Nonetheless, prosecutors have found ways to circumvent those restrictions. According to reports there has been a 208 percent increase since the 1990s of youth offenders being held in adult facilities. There was an effort in the U.S. Senate in 2009 to close the loopholes in the law but the U.S. House has not acted on the issue.

People were satisfied that violent youthful criminals should be subjected to the harsher conditions of the adult prison system. Little did they realize that thousands of non-violent young offenders were also being confined with adults.
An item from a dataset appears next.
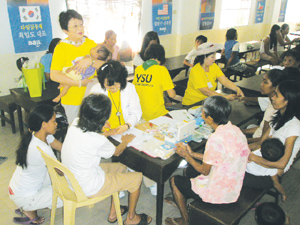 이번 봉사활동 장소는 필리핀의 수도인 마닐라에서 버스를 타고 약 2시간 30분 정도의 거리에 있는 필리핀 원주민들이 모여 사는 곳이었다. 서울에서 ‘밥 퍼’ 목사로 유명한 최일도 목사가 운영하는 ‘다일복지재단’의 필리핀 다일공동체(다양성 안에서 일치를 추구하는 공동체)건물로 그렇게 크진 않지만 따뜻한 사랑이 전해지는 아담하고 소박한 이층집에서 봉사를 하게 됐다. 온 몸에서 땀이 줄줄 흘러내리는 많이 덥고 습한 날씨에도 소문을 듣고 물밀듯이 찾아 드는 까만 피부색의 필리핀 원주민들은 대부분 목구멍이 많이 아프다고 했다. 나는 너무나 궁금해서 왜 목구멍과 가슴이 아프다고 하는지 필리핀다일공동체 원장인 김혜경 목사께 여쭤보니까 매연에 의한 것이라고 했다. 우리가 가끔 TV를 통해서 필리핀의 거리를 보게 되면 자동차와 비슷하게 생겼지만 온전한 자동차가 아닌 ‘지프니’란 차들이 무질서하게 온 도로에 줄지어 다니는 풍경을 접하게 된다. 이 지프니가 24시간 운행하면서 내뿜는 매연 때문이라고 했다. 그리고 만성두통과 편두통 환자가 가장 많았고 위장통증과 경항통, 종아리 통증, 요통 등을 호소하기도 했다. 우선 손을 알코올 솜으로 깨끗하게 소독한 후에 진료카드에 혈압과 맥박을 체크했는데 대부분의 사람들이 맥박수가 빠른 편이었다. 무더운 날씨와 오염된 공기로 인해 숨쉬는 것이 힘들어 보였다. 음양맥진 상으로는 위승과 방광승, 담승이 많았다. 자극기구로는 서금요법(금추봉·PEM·기마크봉)을 사용했는데 손에서 땀이 너무 많이 흘러서 치방 후에 테이프로 잘 감아주고 난 후에 구암봉구에 불을 붙여 하나씩 자극을 하게 했다. 처음으로 뜸을 떠본다며 기뻐하고 행복해 하는 모습들이 눈에 선하다. 지난해에 이어 두 번째로 필리핀 해외봉사에 참여하면서 내 몸도 작년보다는 좀 더 쉽게 현지여건에 적응됨을 느꼈다. 그런데 작년에 갔던 수빅만에 위치한 아이따 부족 원주민들이 사는 곳은 도시와 많이 떨어져 공해는 전혀 없었는데 이번에 방문한 이곳은 도시와 근접지역이라 공해(매연)에 시달리고 있었다. 이번 봉사활동을 통해서 우리가 살아가는 이 지구촌의 환경이 우리 인체에 미치는 영향이 얼마나 중요한 지를 새삼 느꼈다. 비록 그 곳에 머무는 시간이 짧아 아쉽긴 했지만 서금요법자극을 받고 고마워하며 환한 미소로 답하던 그 맑은 모습들을 오랫동안 잊지 못할 것 같다. |

The Campaign for Youth Justice (CYJ), a Washington, D.C. group to advocate for youthful offenders, has studied the data and found that “tens of thousands of young people end up in the adult system for non-violent offenses.” For example, they found that “the vast majority” of the 8,000 young people in Connecticut’s adult criminal system have been arrested for non-violent offenses.

Another major problem is that youth arrested for non-violent crimes are often held in jails with adult offenders even before they are convicted. These are decisions not even made by a judge to determine whether such incarceration is appropriate or even lawful.

According to the CYJ studies, “youth in adult prisons are at risk of abuse, sexual assault, suicide and death …” Studies also indicate that the incarceration of youth in adult prisons does not promote public safety. There is no evidence that such imprisonment reduces the rate of recidivism.

A provision of the Juvenile Justice and Delinquency Prevention Act proscribed disproportionate minority confinement. Nonetheless the CYJ found that in some states minority youth were disproportionately prosecuted as adults. In Illinois only a third of the youth population are minority, but in some jurisdictions they represented 90 percent of the youth in the adult system. As one might expect, the data from southern states is equally disturbing.

Common sense would indicate that adult prisons can function as a graduate school for felons. It is not the place for youthful offenders who are capable of being rehabilitated. The CYJ proposes that states spend more effort and resources on improving the quality of the juvenile justice system.

The public must be protected from pathologically violent felons of whatever age. But the criminal justice system must be attuned to rehabilitating those still of tender years. The confinement of youthful offenders in adult prisons could violate the constitutional prohibition against “cruel and unusual punishment.”